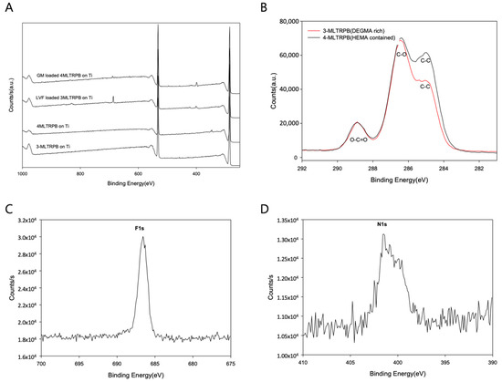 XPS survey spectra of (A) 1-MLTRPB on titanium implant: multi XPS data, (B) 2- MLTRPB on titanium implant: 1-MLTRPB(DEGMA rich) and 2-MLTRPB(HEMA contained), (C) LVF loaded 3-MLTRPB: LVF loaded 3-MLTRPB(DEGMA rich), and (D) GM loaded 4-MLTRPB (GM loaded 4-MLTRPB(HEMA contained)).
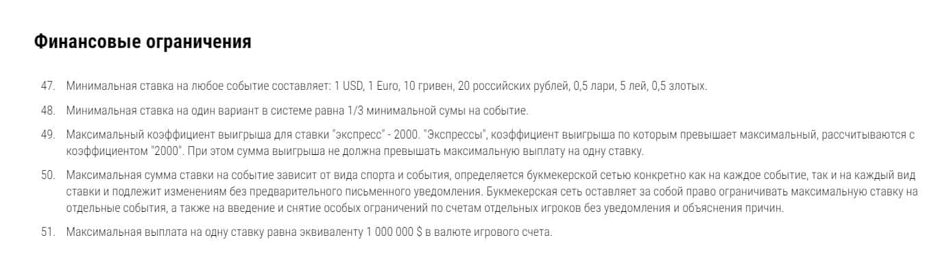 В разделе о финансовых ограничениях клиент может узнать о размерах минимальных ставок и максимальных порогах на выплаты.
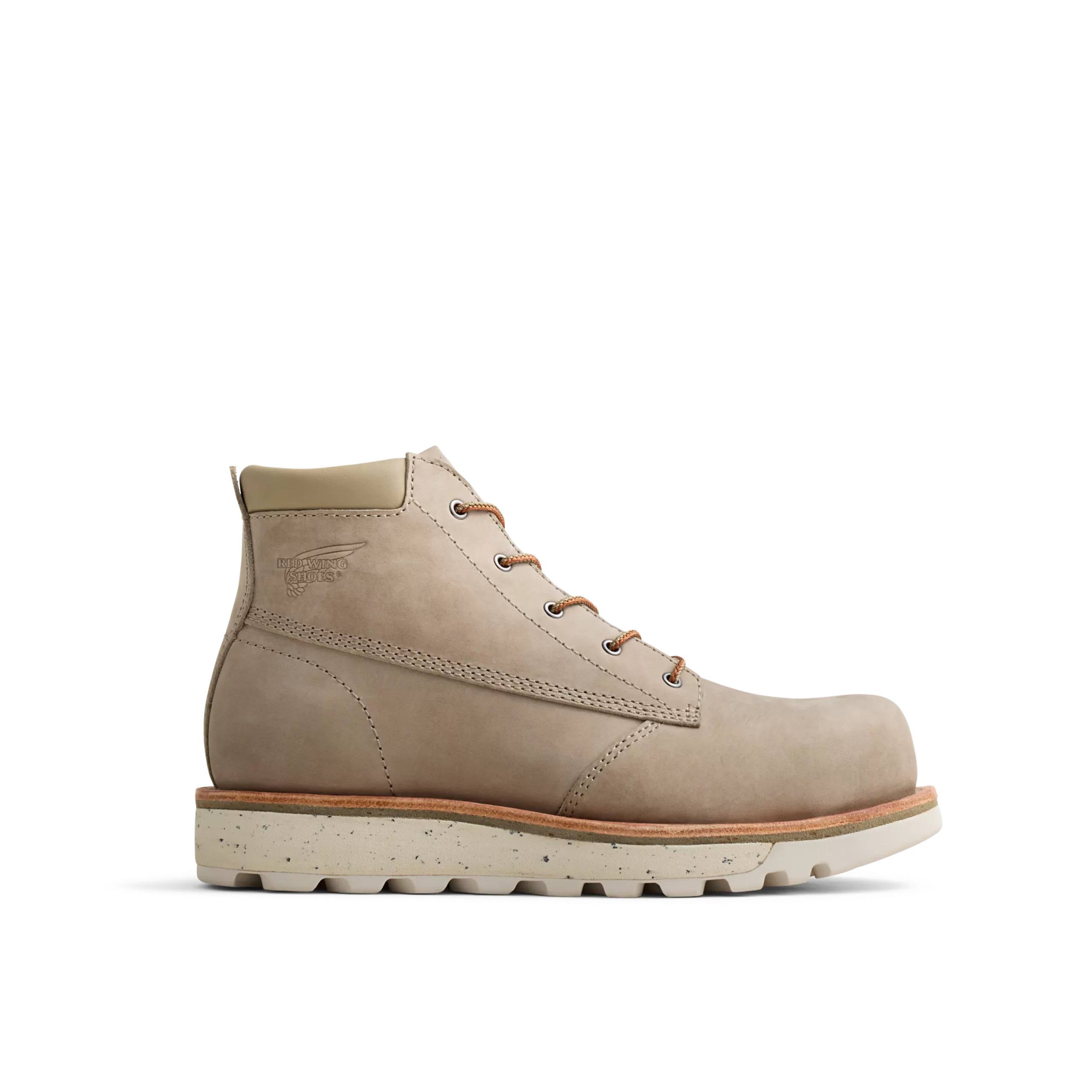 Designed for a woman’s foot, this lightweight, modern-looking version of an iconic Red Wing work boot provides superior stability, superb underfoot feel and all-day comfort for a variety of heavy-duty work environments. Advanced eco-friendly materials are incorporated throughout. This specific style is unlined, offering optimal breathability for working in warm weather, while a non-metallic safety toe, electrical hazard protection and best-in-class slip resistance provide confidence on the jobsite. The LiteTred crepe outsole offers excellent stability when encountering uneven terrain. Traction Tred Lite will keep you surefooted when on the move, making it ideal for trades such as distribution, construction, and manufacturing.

PROBLEM TO SOLVE: All lines from the beginning of the material through the line that holds "В разделе о", both included, should be returned exactly; please omit any pictures and add no other lines.

TASK SOLUTION:
 XPS survey spectra of (A) 1-MLTRPB on titanium implant: multi XPS data, (B) 2- MLTRPB on titanium implant: 1-MLTRPB(DEGMA rich) and 2-MLTRPB(HEMA contained), (C) LVF loaded 3-MLTRPB: LVF loaded 3-MLTRPB(DEGMA rich), and (D) GM loaded 4-MLTRPB (GM loaded 4-MLTRPB(HEMA contained)).
 В разделе о финансовых ограничениях клиент может узнать о размерах минимальных ставок и максимальных порогах на выплаты.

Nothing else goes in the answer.